Wednesday, January 12, 2011

Old Country Memories: Sausage Gambling

When I was growing up in the middle to late 1980s, Taiwan had barely just emerged from under martial law, and people were relatively poor. One of the more amusing memories I have about Taiwan is the sausage gambling phenomenon at night markets or in the rear gates behind schools (where all the "illicit" and "shameful" stuff like candies and pop stands were). Gambling was and still is illegal in Taiwan, but because martial law meant swift and harsh disproportionate punishment, people never gambled in cash, but instead offered "games" for goods like soda, candy, and sausages.

A modern sausage stand.

Taiwanese sausages are sort of thin tubes of pork that is over-salted and over-sweetened. They tend to be a little dry, because they literally are hung on a rack above the grilling station. Unrefrigerated in Taiwanese weather! But whatever! They were tasty and I never got sick.

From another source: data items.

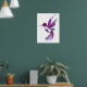trabalho de arte de aquarela tradicional de um beija-flor roxo colorido espalhando suas asas e levitando como um impressão de poster decorativo.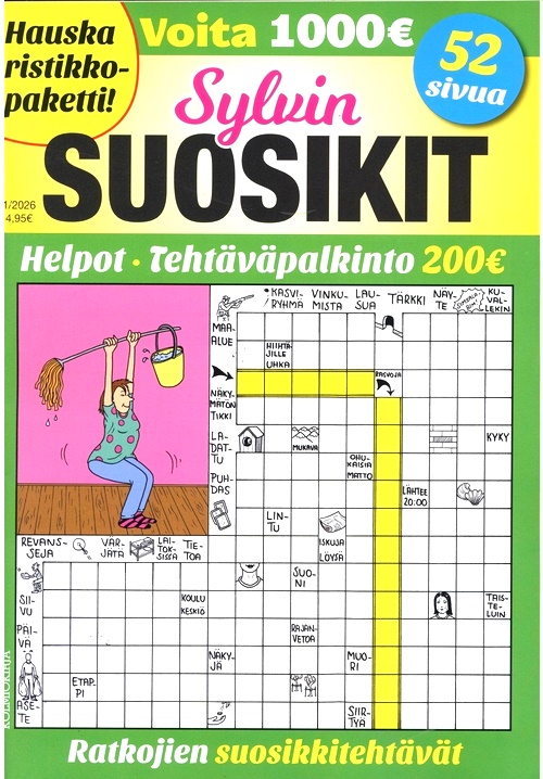 Sylvin Suosikit (FI) är tidningen för dig som älskar att lösa korsord och andra roliga uppgifter. Varje nummer innehåller över 100 sidor med olika korsord från Sylvin Helpot-tidningens äldre mästare samt nya, högkvalitativa korsord från fräscha författare. Dessutom finns det lagom mycket av de populäraste specialuppgifterna, som stavelsekorsord. I Sylvin Suosikit kombineras varm, avslappnad humor och avkopplande lätta korsord som har ett begripligt ordförråd.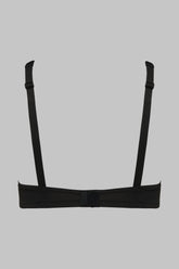 The plunging teardrop neckline reveals the skin, outlined by bordered tulle that defines the line with precision. Featuring underwires but no padding or lining, it offers natural support and a free, effortless allure. It fastens discreetly at the back with a hook-and-eye closure and adjusts with adjustable straps.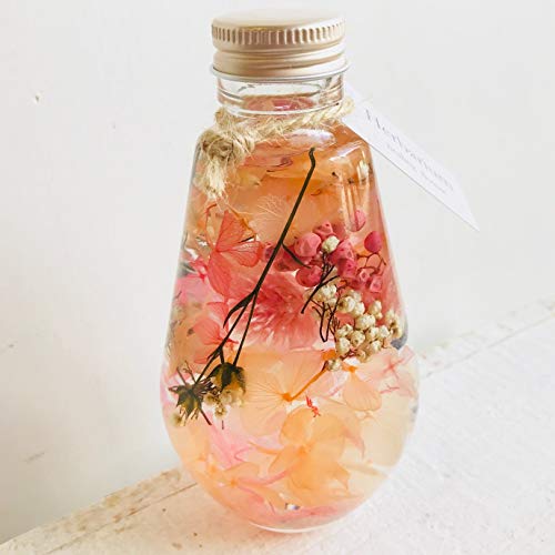 - 大人気★ギフトBOX入り!!ハーバリウムボトル☆可愛いしずくタイプです。容量200ml・サイズ(幅7cm×高さ13.5cm)人気のピンク&オレンジの色合い、ドライフラワーやペッパーベリーを入れたピンク系の大変可愛い仕様となっております。そのまま飾るだけでお手入れいらず、長期的に楽しめる人気の商品です。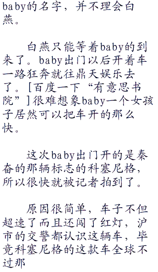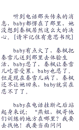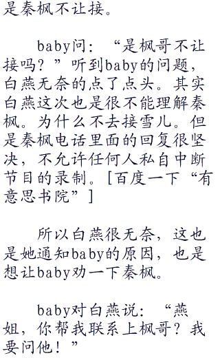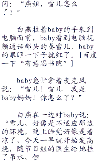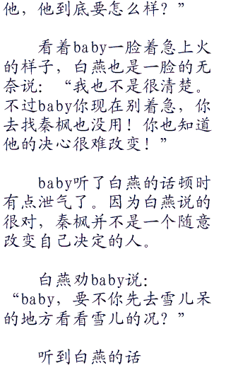 baby都要急哭了问:“雪儿,怎么了?燕姐!”听到baby着急的声音,白燕回答说:“三两句电话里面说不清楚,你赶快来公司!”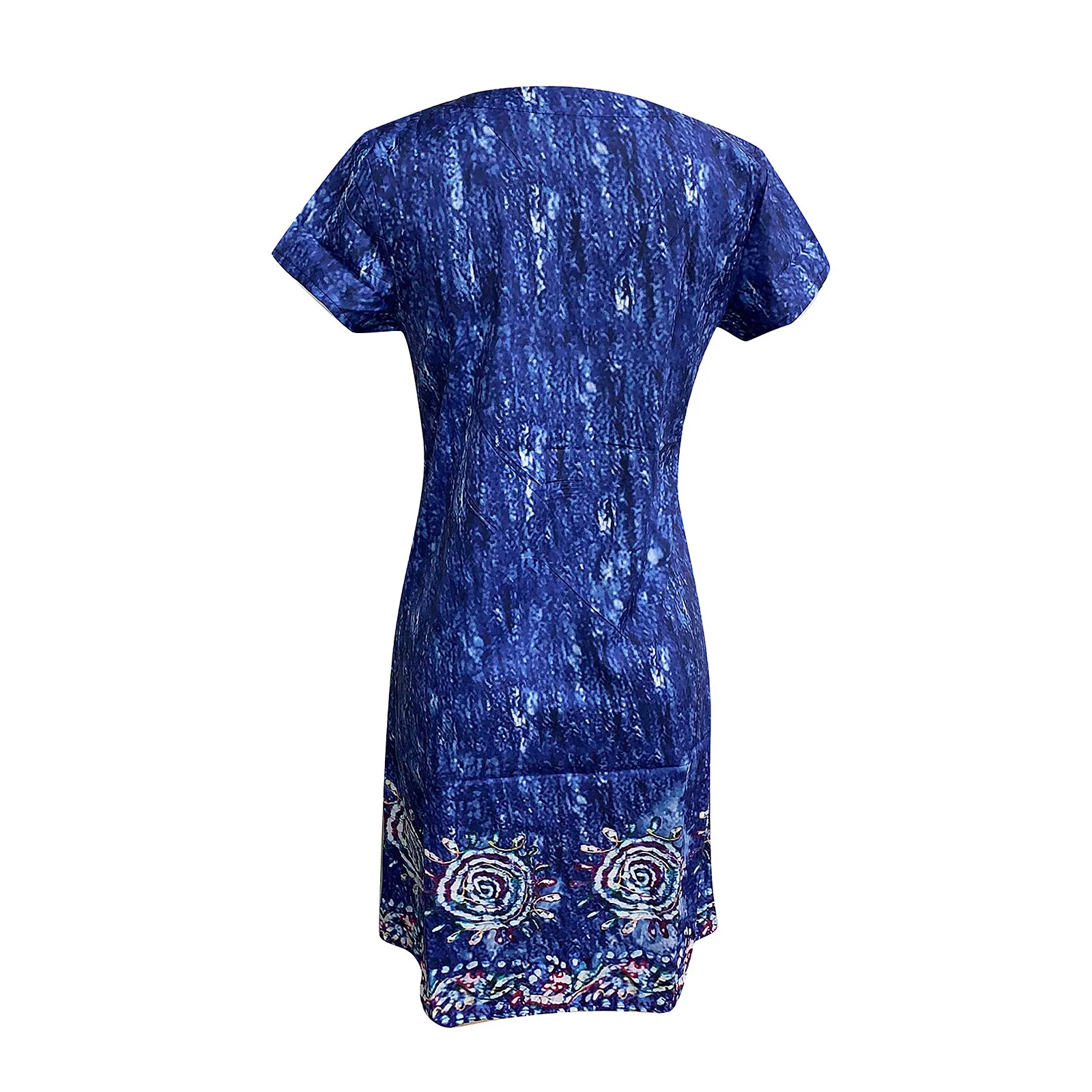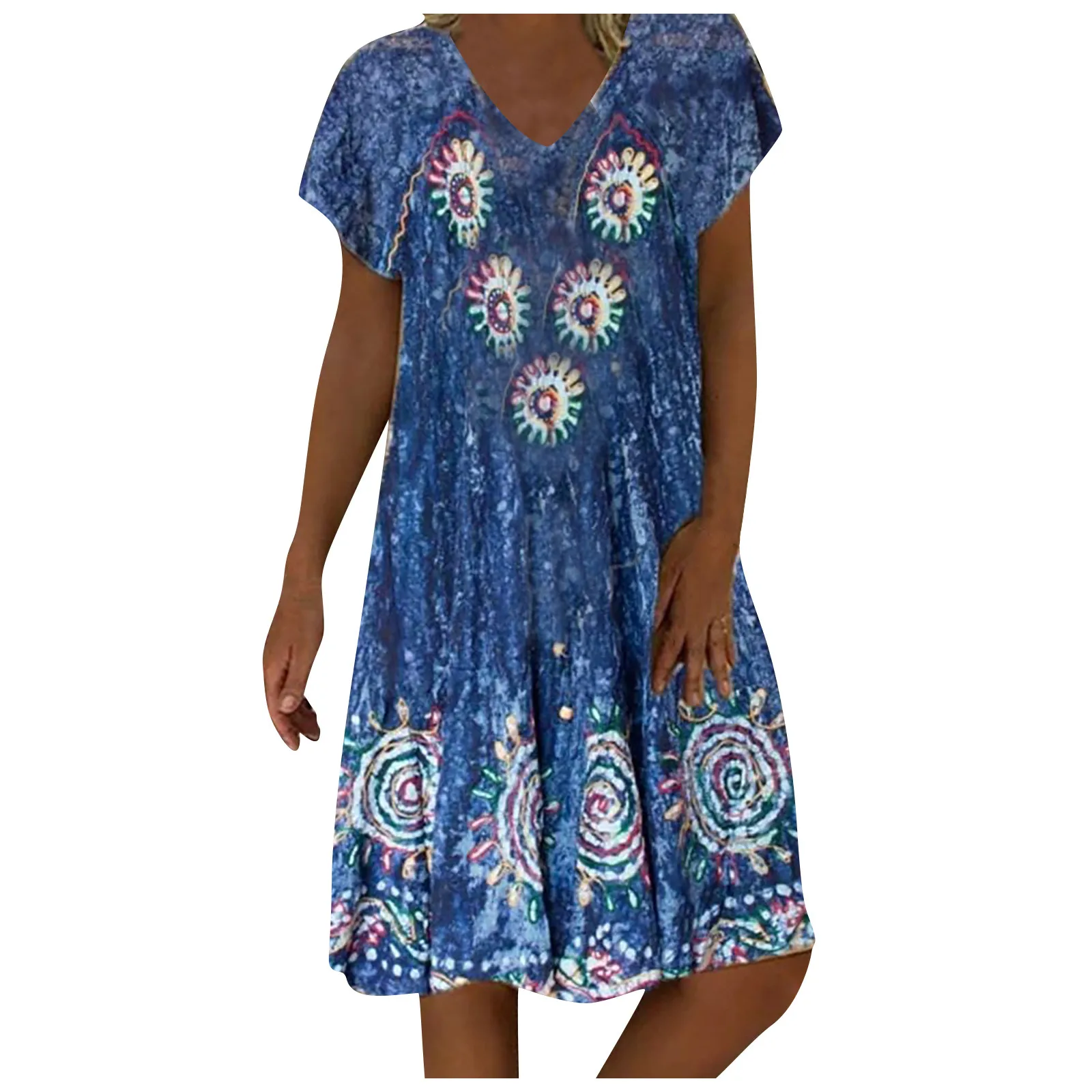 Женское летнее платье до колена, свободное винтажное платье с V-образным вырезом и коротким рукавом, с принтом в богемном стиле, 2021

So anyway - one of the stranger things is people gamble for these sausages. Back then, prices were relatively low, so you could buy a sausage for like NT$ 5 (something like 17¢ USD). So once you bought your sausage, the dude behind the stand would grill it up for you. But if you opted to, you could gamble with your sausage.

Usually hidden under the grill, the guy had a mini roulette wheel or  a dice board, and you could gamble a sausage for more sausages! Hypothetically, you could win the entire cart and just go home with a few hundred sausages, but I don't think that ever happens because the games were probably all rigged like in any real casino, where the house always wins.

I never gambled with my sausage - probably because the only money I ever had was the random NT$ 5 that I found while I was looking at the ground. But I recall some classmates had the gambling bug.

I guess no matter where you go, there is a portion of the population that enjoys gambling. Gambling is like extreme alcoholism, if you have the genetic predisposition, all it takes is the rush of the first roll of the dice and you're hooked for life.

I guess my former classmates could say "it all began when I started gambling with my sausage."